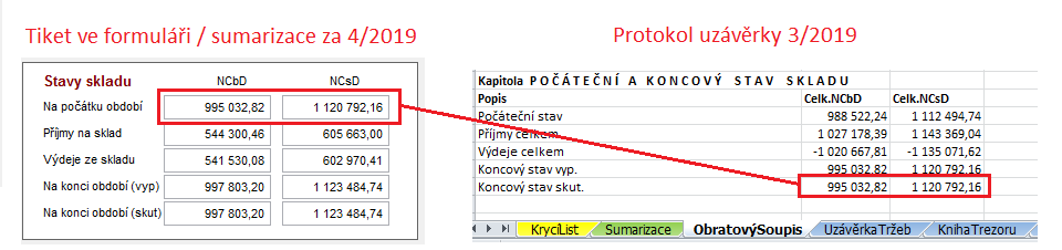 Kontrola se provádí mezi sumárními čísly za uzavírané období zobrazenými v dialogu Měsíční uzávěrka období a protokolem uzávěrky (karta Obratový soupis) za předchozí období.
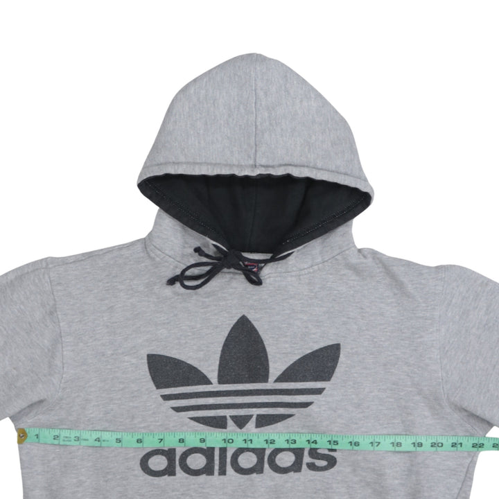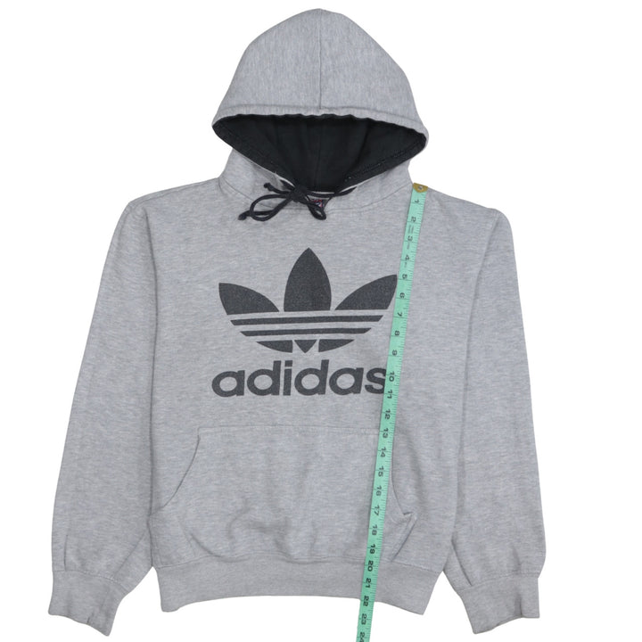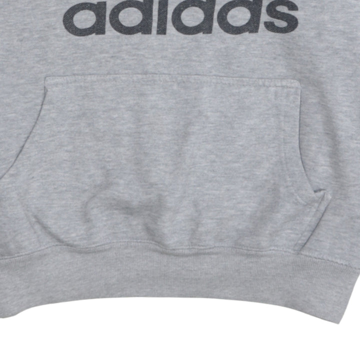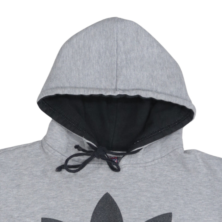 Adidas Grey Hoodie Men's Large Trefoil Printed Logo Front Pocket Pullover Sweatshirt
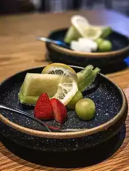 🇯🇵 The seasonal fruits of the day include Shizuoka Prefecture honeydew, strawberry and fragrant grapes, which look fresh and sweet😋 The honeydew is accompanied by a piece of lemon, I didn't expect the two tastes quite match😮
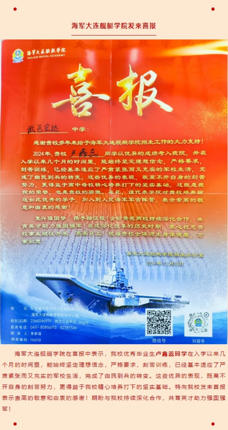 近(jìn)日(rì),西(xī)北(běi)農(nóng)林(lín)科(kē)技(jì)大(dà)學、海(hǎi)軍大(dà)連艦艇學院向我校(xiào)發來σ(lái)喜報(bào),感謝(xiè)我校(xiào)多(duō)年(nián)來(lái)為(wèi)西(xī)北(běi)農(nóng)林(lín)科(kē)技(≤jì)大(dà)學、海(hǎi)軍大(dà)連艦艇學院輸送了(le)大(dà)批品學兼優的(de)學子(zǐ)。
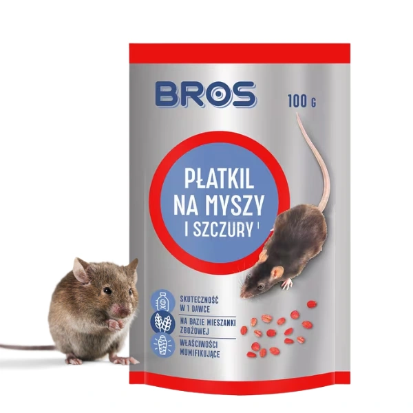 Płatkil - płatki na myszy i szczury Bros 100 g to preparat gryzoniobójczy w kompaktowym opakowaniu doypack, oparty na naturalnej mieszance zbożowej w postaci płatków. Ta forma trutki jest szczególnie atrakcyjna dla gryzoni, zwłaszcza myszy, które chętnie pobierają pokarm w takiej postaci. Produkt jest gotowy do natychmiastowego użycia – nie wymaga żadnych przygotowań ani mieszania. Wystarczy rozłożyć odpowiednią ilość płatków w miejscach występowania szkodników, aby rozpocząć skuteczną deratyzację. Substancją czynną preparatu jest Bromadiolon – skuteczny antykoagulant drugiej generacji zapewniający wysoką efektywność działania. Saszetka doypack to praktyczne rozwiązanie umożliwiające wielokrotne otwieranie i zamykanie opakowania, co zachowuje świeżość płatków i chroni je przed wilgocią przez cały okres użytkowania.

> _TASK GOAL_:
Could you repeat, exactly and with nothing else, the lines from the first line of the records through the line containing "tastes quite match😮"? Leave out the pictures.

> _SOLUTION BELOW_:
 Kontrola se provádí mezi sumárními čísly za uzavírané období zobrazenými v dialogu Měsíční uzávěrka období a protokolem uzávěrky (karta Obratový soupis) za předchozí období.
 Adidas Grey Hoodie Men's Large Trefoil Printed Logo Front Pocket Pullover Sweatshirt
 🇯🇵 The seasonal fruits of the day include Shizuoka Prefecture honeydew, strawberry and fragrant grapes, which look fresh and sweet😋 The honeydew is accompanied by a piece of lemon, I didn't expect the two tastes quite match😮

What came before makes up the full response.